After sometime the moss will make small colonies and begin to look more natural and the leaf litter will begin to decay and form a tight substrate binder on top of the coco fiber. 

Best of luck,


----------



## Kgbower (Jul 9, 2009)

I just have a bunch of mag leaves on the floor, there is also some java moss growing down the side of a piece of drift wood which will hopefully grow on to the substrate over time, if there are small spots of exposed coco is that ok? I assume it is since it would be really difficult to stop your frogs from coming into contact with the coco complety.


----------



## ChrisK (Oct 28, 2008)

Post some pics of it


----------



## brian (Jul 9, 2009)

I know of a few hobbist that just don't like it at all, because of bad issues with frog going in contact with the coco fiber.

Clay balls with moss and leaf litter seems to be the safety way, so why keep using coco fiber, if it might be harmful for our frogs ??


----------



## Suzanne (Dec 28, 2008)

Well, I guess the plants grow better in it, because more nutrients are availlable.


----------



## brian (Jul 9, 2009)

Peat moss Vs coco fiber ??

How about using more % of sand or clay to the mix ?? Any experience with this ??



> Well, I guess the plants grow better in it, because more nutrients are availlable.

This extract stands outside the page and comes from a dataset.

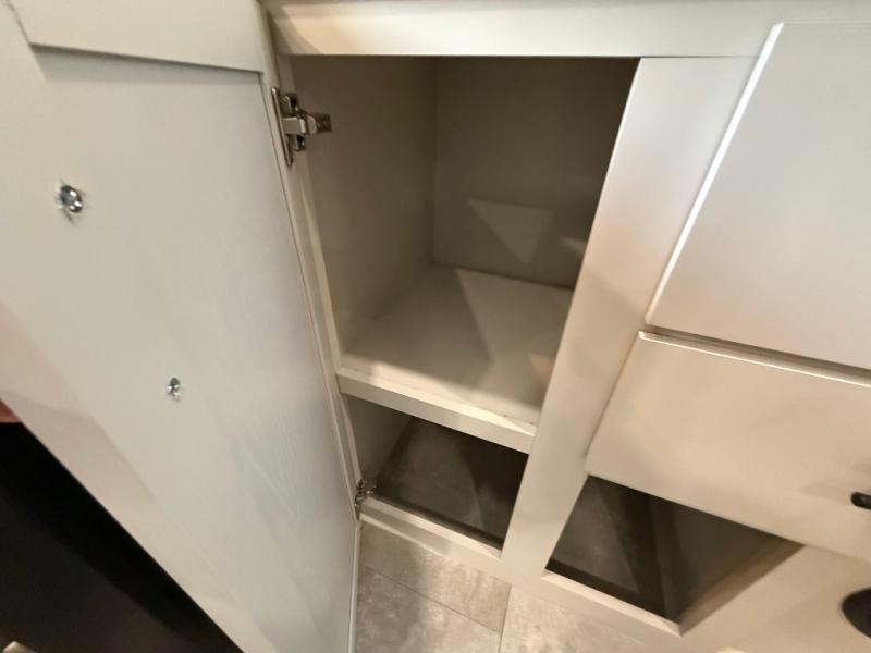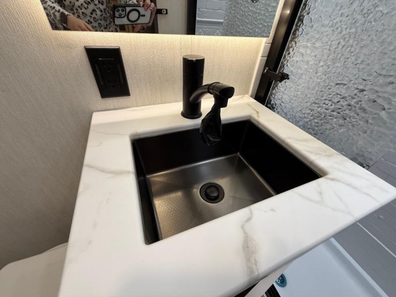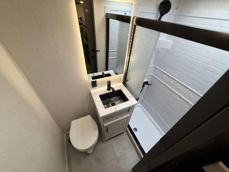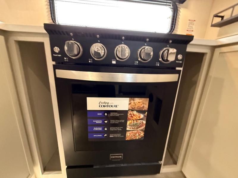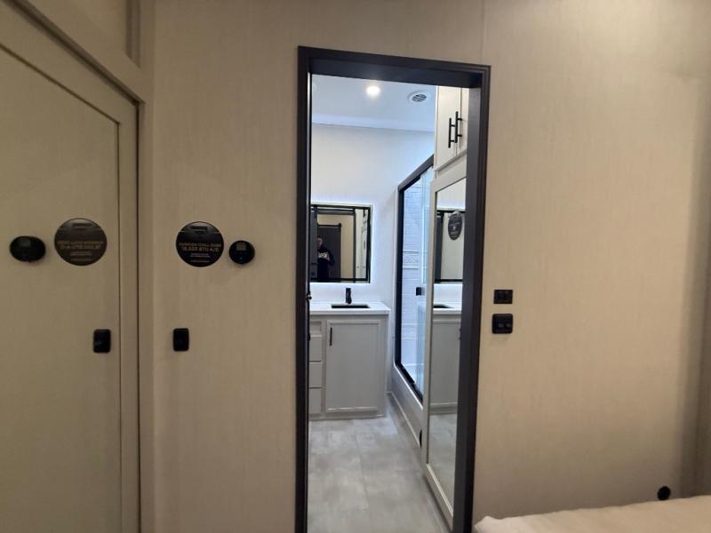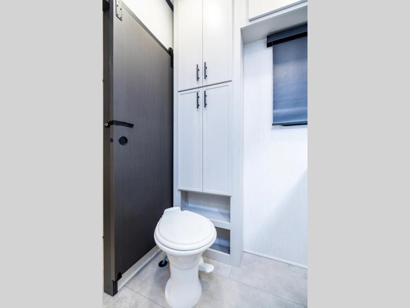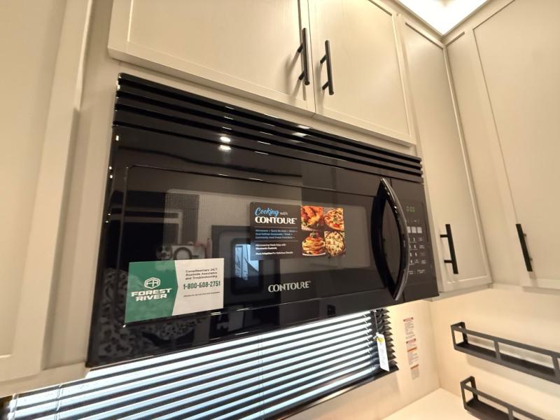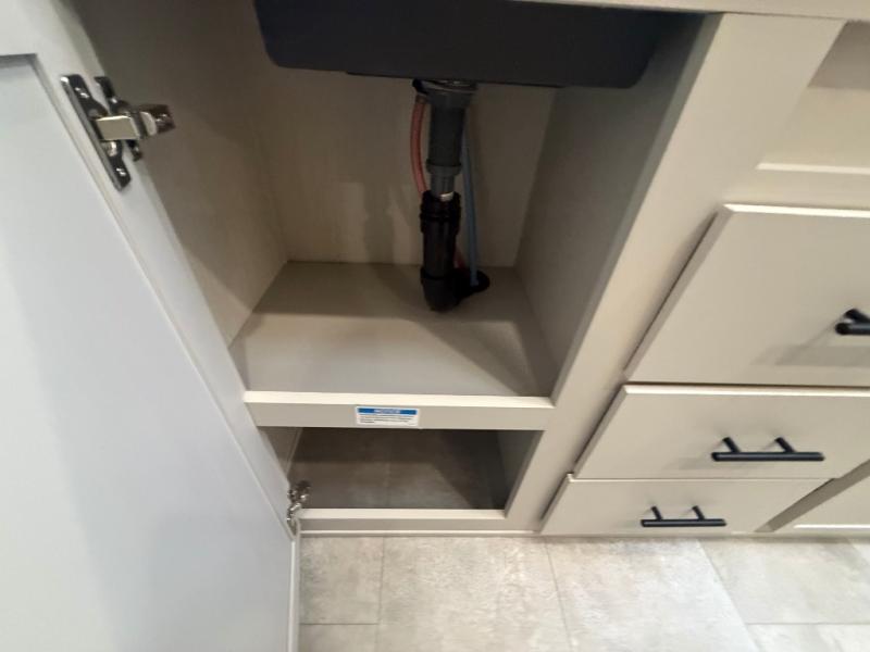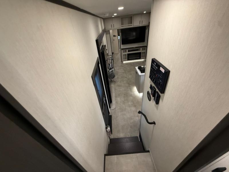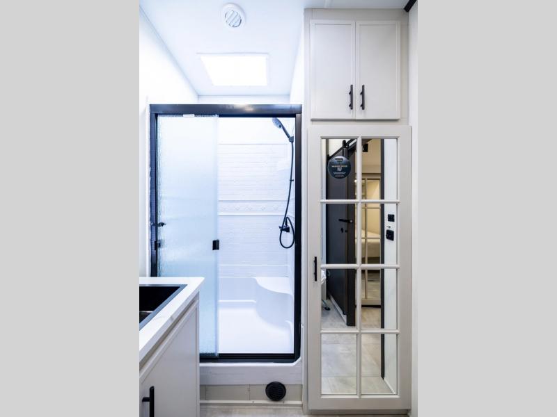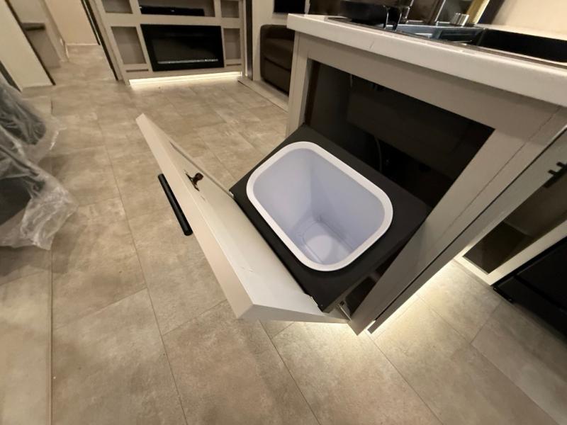 If you enjoy long trips with family and friends, this fifth wheel is sure to meet all of your needs! There is a private bedroom with a king bed slide-out for more space and comfort, plus a front wardrobe. And you will be amazed by the lovely full bathroom behind the barn door next to the bedroom with a double vanity for you and your partner! The living room is made spacious thanks to the dual opposing slides, and you'll find a sectional sleeper sofa here, as well as desk/dinette for meals and even work. And don't overlook the kitchen area with ample counter space, a four burner range, an accessory sink and a French door 12V refrigerator! If you thought it can´t get better, wait until you see the front room that will be the best place to relax and hang out, featuring a sleeper sofa, bunks above, and an entertainment center with a projector for a movie marathon.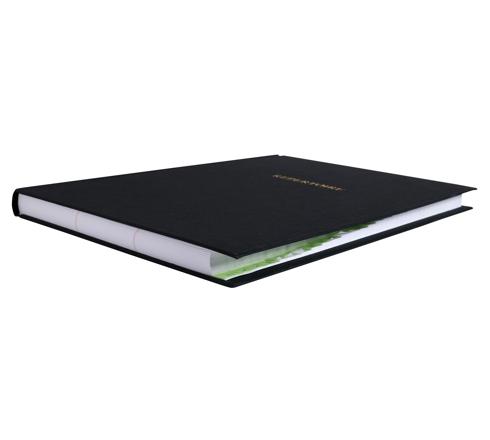 La couverture rigide est recouverture d'une toile noire pour une meilleure résistance et longévité

Thats true Suzanne, i guess thats why a few just pot plant, easy maintenance.


----------



## boogsawaste (Jun 28, 2008)

brian said:


> I know of a few hobbist that just don't like it at all, because of bad issues with frog going in contact with the coco fiber.
> 
> Clay balls with moss and leaf litter seems to be the safety way, so why keep using coco fiber, if it might be harmful for our frogs ??


I have used aquarium gravel with leaf litter or sphag directly on top many times. Plants seem to do good in it just like that. Wish I had some pictures but off hand I don't think I do. I have recently switched over to ABG mix and am very happy with it as far as not turning into a soggy mess and draining nicely.


----------



## james67 (Jun 28, 2008)

all of my tanks use pea gravel with a layer of sphagnum 1.5+ inches thick and then leaf litter on top. this allows the frogs to hide in the leaves and helps keep them off of the gravel which could get very cold, or shift (stranger things have happened) this method also seems to keep humidity very stable. 

make sure you sanitize both the leaves and moss.
i put them in the microwave (moist with some standing water) and let them go for 10-15 minutes on high.

james


----------